E io sono assolutamente d'accordo con te gabrigabri, solo che poi, al solito nostro, sabrina ed io ci siamo lasciati un attimino trasportare...


----------



## Necsus

(DeMauro - avere) 15 CO seguito dalla prep. _da_ e infinito, dovere: _a. da lavorare_, _a. altro da fare_; con rif. a un tempo futuro: _ha da passare ancora un mese_; in alcuni usi senza la prep.: _avere gli esami_, doverli sostenere |

Ebbene sì, sono d'accordo, non è granché gradevole. Ma tant'è... 

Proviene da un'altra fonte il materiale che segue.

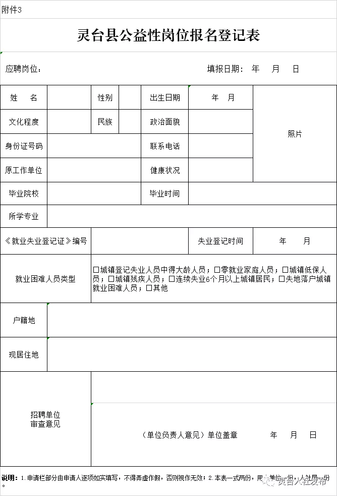 3.靈臺縣公益性崗位報名登記表

Più nello specifico Serianni (XI,47a/b):
"_Dovere + infinito_ può assumere il valore di un vero e proprio futuro [...]. E' un valore che appare in tutta evidenza quando la perifrasi è adoperata per indicare un _«_futuro nel passato_»:_ «[...] un'amicizia che _doveva farsi_ sempre più fida e tenace» (= un'amicizia che si sarebbe fatta_)__._
In luogo di _dovere_ può adoperarsi in molti casi *avere + da* (meno comunemente _a_) *+ infinito*, che indica un'azione proiettata nel futuro.


----------



## sabrinita85

Grazie Necsus (e bentrovato! ) per i tuoi sempre interessanti contributi!


----------



## Necsus

Prego. E bentornata, Sabri...!


----------